Task statement =>
The answer is all of the data repeated exactly, with each picture omitted.

Dataset extract =>
▼
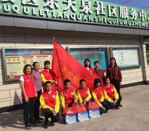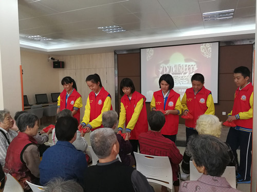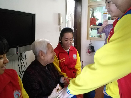 发表时间:2017-10-27 14:20作者:江如 校党委为了深入贯彻实施教育局关于党员教师进社区志愿服务的通知,为了发挥学雷锋示范点的作用,继续弘扬雷锋精神,与社区孤寡老人结对子,进行志愿服务。 10月27日上午,在重阳节来临之际,我校教师党员志愿者带领少年雷锋班志愿者走进社区。志愿者们为社区老人带来歌曲《强军战歌》,受到老人们的热烈掌声。接着,志愿者们为老人家分发长寿面和太平蛋,为老人家带去节日的问候。 随后,志愿者们在乐天泉社区郑芬主任的带领下,一起慰问了与我们结对子的社区老人。志愿者们用实际行动给孤寡老人带去社会的温暖和节日的祝福,营造了浓浓的尊老敬老的氛围。志愿者送去了慰问品,为老人家做卫生,让老人备感温馨,用自己的行动换来了老人的快乐与欢笑。 这次尊老敬老之行,志愿者们献出的是一份份爱心,收获的却是满满的希望。不仅使老人们感受到了社会主义大家庭的温暖,通过志愿者深入社区、亲身体验,在潜移默化中对学生进行了一次生动的思想道德教育。 在升旗仪式上,参加此次的活动的志愿者之一初一(8)班的江梦怡同学,做了《尊老敬老》的国旗下讲话。以自己的实际行动,倡导所有的同学积极行动起来,孝敬家中的长辈,并且多关心身边的老年人。 闽院附中志愿者将长期开展敬老爱老活动,以实际行动弘扬中国的传统孝道。
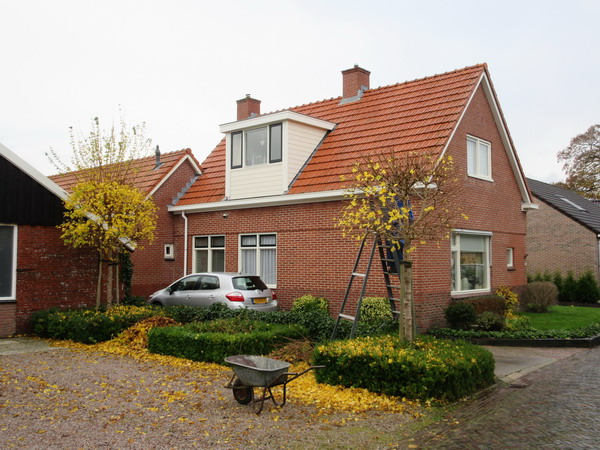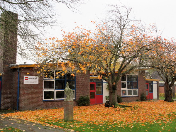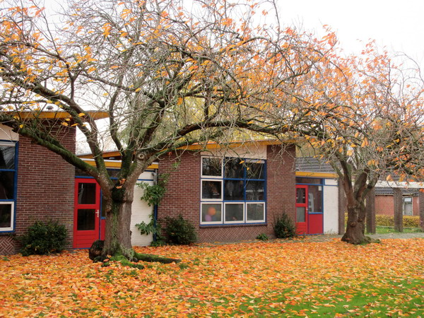 En al weer liggen er meer bladeren op de grond bij de voormalige school aan de Oosterweg….
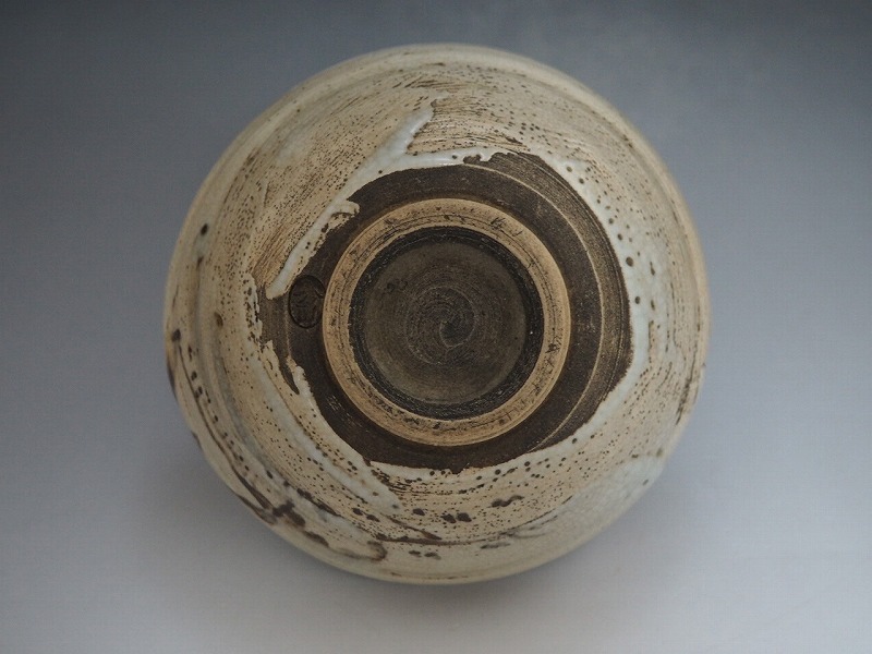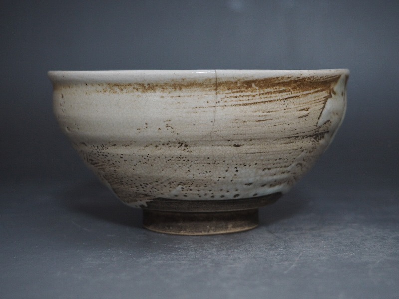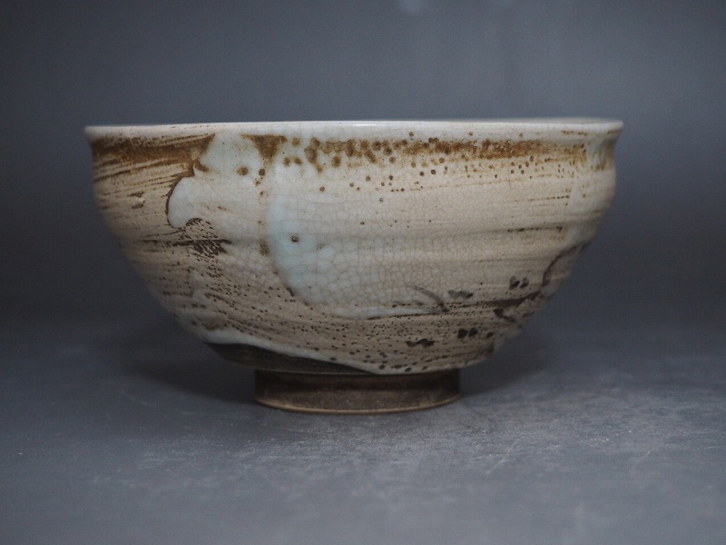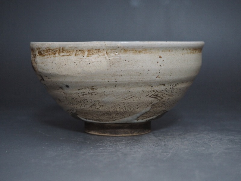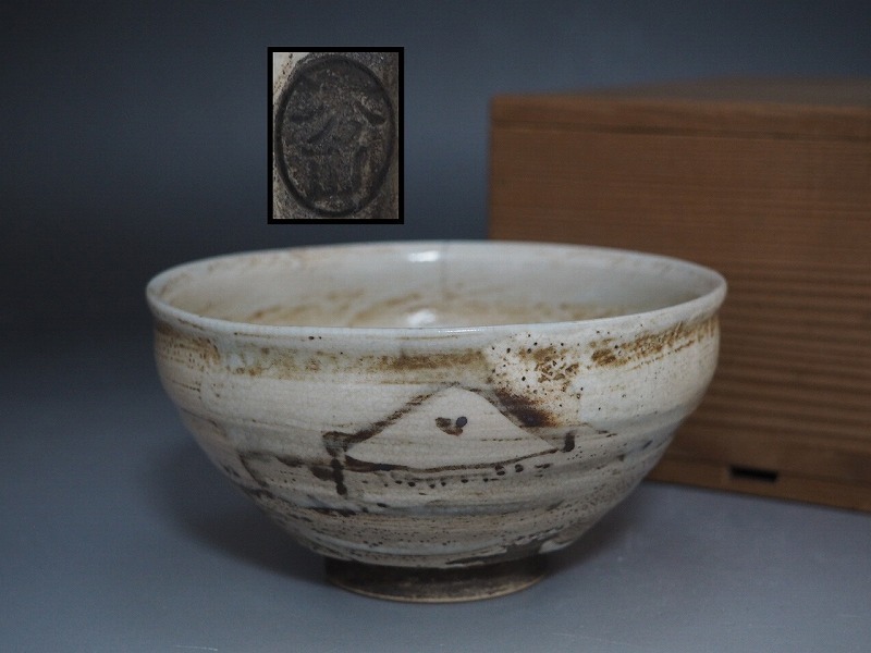| A4486 秀山 作 時代茶碗 木箱付 ☆ 旧家蔵出 骨董 古い 古玩 古美術 茶道具 茶碗 抹茶碗 古茶碗 古志野 雨漏粉引 陶器 作家物 在銘 陶印 | ||
▲
Written response =>
 发表时间:2017-10-27 14:20作者:江如 校党委为了深入贯彻实施教育局关于党员教师进社区志愿服务的通知,为了发挥学雷锋示范点的作用,继续弘扬雷锋精神,与社区孤寡老人结对子,进行志愿服务。 10月27日上午,在重阳节来临之际,我校教师党员志愿者带领少年雷锋班志愿者走进社区。志愿者们为社区老人带来歌曲《强军战歌》,受到老人们的热烈掌声。接着,志愿者们为老人家分发长寿面和太平蛋,为老人家带去节日的问候。 随后,志愿者们在乐天泉社区郑芬主任的带领下,一起慰问了与我们结对子的社区老人。志愿者们用实际行动给孤寡老人带去社会的温暖和节日的祝福,营造了浓浓的尊老敬老的氛围。志愿者送去了慰问品,为老人家做卫生,让老人备感温馨,用自己的行动换来了老人的快乐与欢笑。 这次尊老敬老之行,志愿者们献出的是一份份爱心,收获的却是满满的希望。不仅使老人们感受到了社会主义大家庭的温暖,通过志愿者深入社区、亲身体验,在潜移默化中对学生进行了一次生动的思想道德教育。 在升旗仪式上,参加此次的活动的志愿者之一初一(8)班的江梦怡同学,做了《尊老敬老》的国旗下讲话。以自己的实际行动,倡导所有的同学积极行动起来,孝敬家中的长辈,并且多关心身边的老年人。 闽院附中志愿者将长期开展敬老爱老活动,以实际行动弘扬中国的传统孝道。
 En al weer liggen er meer bladeren op de grond bij de voormalige school aan de Oosterweg….
| A4486 秀山 作 時代茶碗 木箱付 ☆ 旧家蔵出 骨董 古い 古玩 古美術 茶道具 茶碗 抹茶碗 古茶碗 古志野 雨漏粉引 陶器 作家物 在銘 陶印 | ||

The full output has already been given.